Beautiful Days is an annual music festival which takes place in the grounds of Escot House, Ottery St Mary, East Devon.
It was initially founded in 2003 by successful folk-band The Levellers - the festivals name is an abbreviation of one of their most famous songs - "What a Beautiful Day". Despite growing in statutory in the proceeding years, it has kept true to its anti-corporate ethos. In particular it manages to comfortably sell out its circa 10,000 tickets well in advance of the event despite not paying for any advertising over and beyond their website - http://www.beautifuldays.org/news.
It typically takes place around the 3rd weekend in August from Friday afternoon to Sunday evening. You are allowed to arrive on the Friday morning from 9 and need to leave by Monday afternoon. Tickets are most easily bought through the website, where you should also order your parking car sticker at the same time. The tickets will be delivered to you a couple of weeks prior to the festival.
The tickets cost around £100 + booking fee and £15 for a parking permit.
In general the main camping area (which surrounds the festival action area) is quite a walk away from the parking but this is to be expected at any festival.
If not arriving by car, there are frequent coaches put on from Exeter St Davids train station and bus station to the festival site for around £6.
The festival is very proudly quite 'rootsy' focussing on providing acts from genres such as folk, reggae, punk and subgenres within this.
The site itself grows in stature and changes slightly every year, but essentially there is a main stage and an undercover 'circus' tent which show most of the live music. Between this is a bandstand which shows theatre, hosts live interviews, poetry and other miscellaneous shows.
There are a large variety of food stands, which provide reasonably priced food from all manner of cuisines so you are completely spoilt for choice. Bar-wise the main place to buy drinks is in the Otter Ale tent near the main stage which sells real ale at pub prices, largely from local beer manufacturers Otter Breweries. However, one of the best things about the festival is that you are free to bring your own alcohol in as long as it is not in glass containers.

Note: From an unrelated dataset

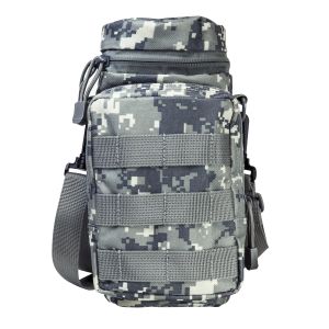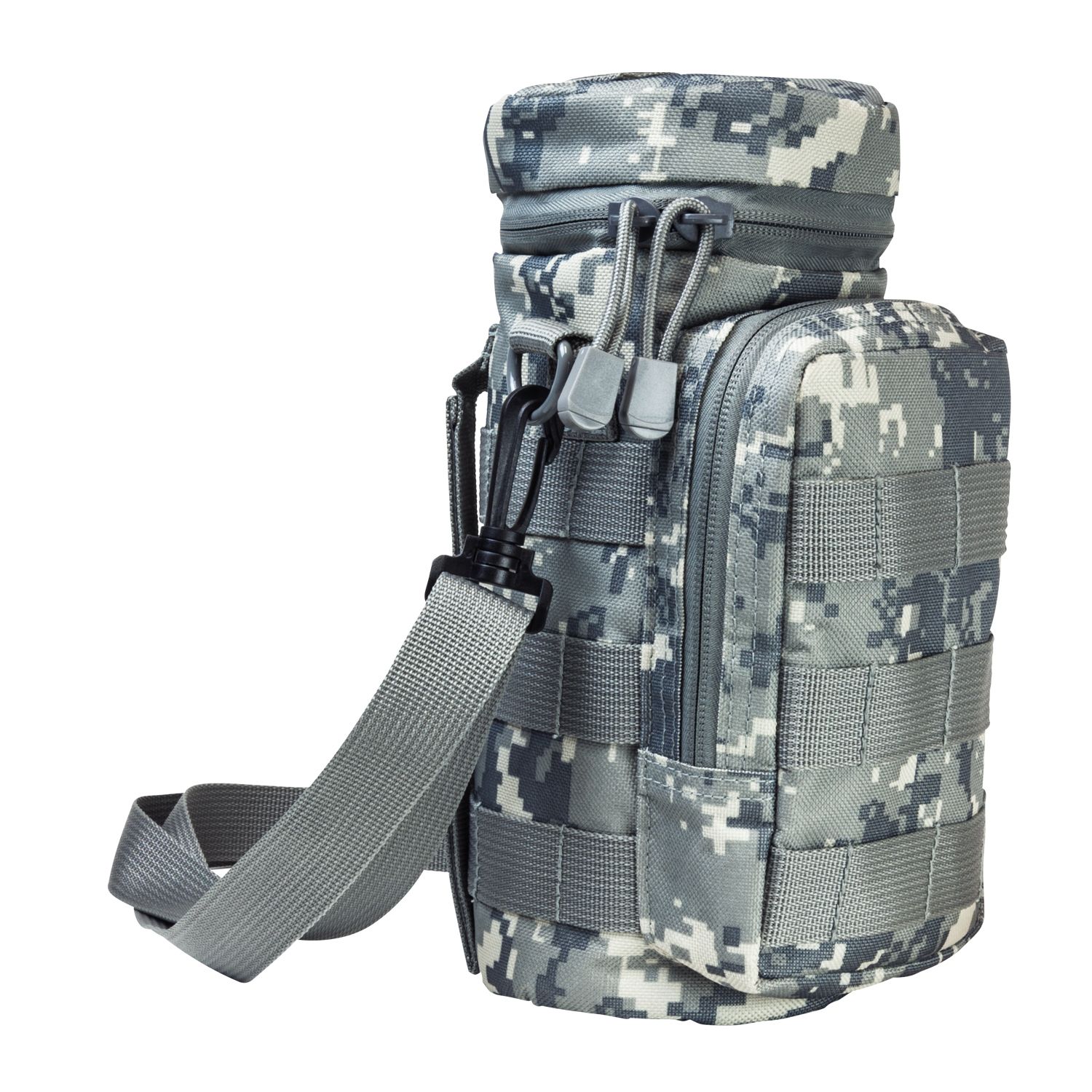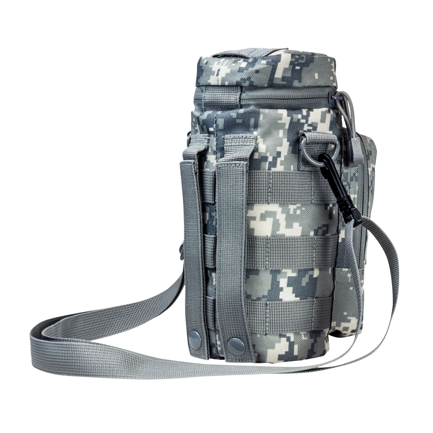 - The New VISM MOLLE Hydration Bottle Carrier will hold up to 32oz. bottles. Zippered top lid and a pass through hatch for drinking tubes. Three rows of MOLLE webbing completely around the Hydration Bottle Carrier. Drain Grommet located on the bottom of the Bottle Compartment.

There are also a variety of stalls selling your typical festival trinkets, clothing, crafts etc. A nice touch is a stall which sells provisions from the local village shop. There is also a staill which sells CDS from bands performing during the weekend.

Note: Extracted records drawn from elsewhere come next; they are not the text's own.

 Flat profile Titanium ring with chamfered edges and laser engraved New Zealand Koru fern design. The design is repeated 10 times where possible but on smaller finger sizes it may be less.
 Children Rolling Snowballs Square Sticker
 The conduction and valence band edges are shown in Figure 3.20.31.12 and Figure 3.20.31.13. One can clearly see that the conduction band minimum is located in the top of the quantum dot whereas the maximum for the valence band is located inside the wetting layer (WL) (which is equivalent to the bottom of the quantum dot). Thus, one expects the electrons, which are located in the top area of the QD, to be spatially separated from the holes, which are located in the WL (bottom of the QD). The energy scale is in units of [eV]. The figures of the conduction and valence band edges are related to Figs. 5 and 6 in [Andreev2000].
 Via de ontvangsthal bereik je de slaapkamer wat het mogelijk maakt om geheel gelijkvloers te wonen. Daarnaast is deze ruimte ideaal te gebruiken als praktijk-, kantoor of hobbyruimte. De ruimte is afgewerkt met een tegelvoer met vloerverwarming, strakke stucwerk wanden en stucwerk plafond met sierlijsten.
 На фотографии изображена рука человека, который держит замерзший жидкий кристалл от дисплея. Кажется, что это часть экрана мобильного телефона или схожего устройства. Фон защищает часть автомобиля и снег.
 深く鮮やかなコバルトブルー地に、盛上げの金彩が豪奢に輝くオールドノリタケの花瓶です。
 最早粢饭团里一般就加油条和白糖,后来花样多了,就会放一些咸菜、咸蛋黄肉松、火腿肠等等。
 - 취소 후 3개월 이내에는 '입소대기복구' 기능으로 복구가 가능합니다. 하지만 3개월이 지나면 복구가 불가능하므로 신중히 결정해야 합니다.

There is a children's area which contains open-mic tents and various crafts and entertainment for younger folk.
Further up the site is a area which offers alternative therapies and a quirky little tea shop. There are also another area which has more stands and stalls and a dance and comedy tent. Walk through this and you come to a great tent called The Bimble Inn which appears to tour many of the summer festival as it sells ale and shows live music under the canvas of a solar powered tent!
To get a sense of the type of acts that have played there over the years, here is a list of some of them - unsurprisingly the Levellers play two sets a year, one to open and one to close the festival, James, Newton Faulkner, Billy Bragg, Seth Lakeman, Frank Turner, Squeeze, Supergrass, Ross Noble, Bill Bailey, Gogol Bordello. There are especially good at picking acts that have less known stature but are great playing at festivals, which make wandering around and seeing new acts really great in that you just might stumble across someone new, or that you have barely heard of who are really great.
In my opinion, this is a really great festival. It has a real laidback hippyish vibe to it, but is well organised and set-out. It was larger in size than I initially expected yet it is so laid out that it doesn't take you any longer than 10-15 minutes to get from one extremity of the site to the other.
There is a really great relaxed atmosphere, but as with all festivals an otherworldlyness to it in that you do really feel that you are entering another world. I did not witness any trouble or aggression despite there being copious amounts of alcohol appearing to be consumed. There is also a really nice non-judgemental anything goes attitude amongst the revellers.
The facilities are good, the toilets in particular are pretty good both in quantity and in how frequently they are cleaned compared to other festivals. It is quite easy in general to move around the site, the walkways wide enough to get a fair number of people through.
The fact that it is evergrowing but still manages to keep a level of intimacy is a real testament to the goodwill that goes behind this event. Like all festivals, however, the site does turn into a bit of a quagmire if the rain sets in.
In conclusion I have had a fantastic time at Beautiful Days - it really does get the balance right between providing an enjoyable experience for punters, whilst staying true to its roots and politics and providing at the core of it - some really great acts and music who largely seem to really enjoy performing there and return year-on-year.
It provides a wonderful facility for escapism with the security that you are at a happy and well-organised event where you are just left to get on and get the best of the experience that you possibly can. I also think that the £100 ticket price and the fact that you can bring your own alcohol make it one of the most cost-effective festivals out there. Highly recommended!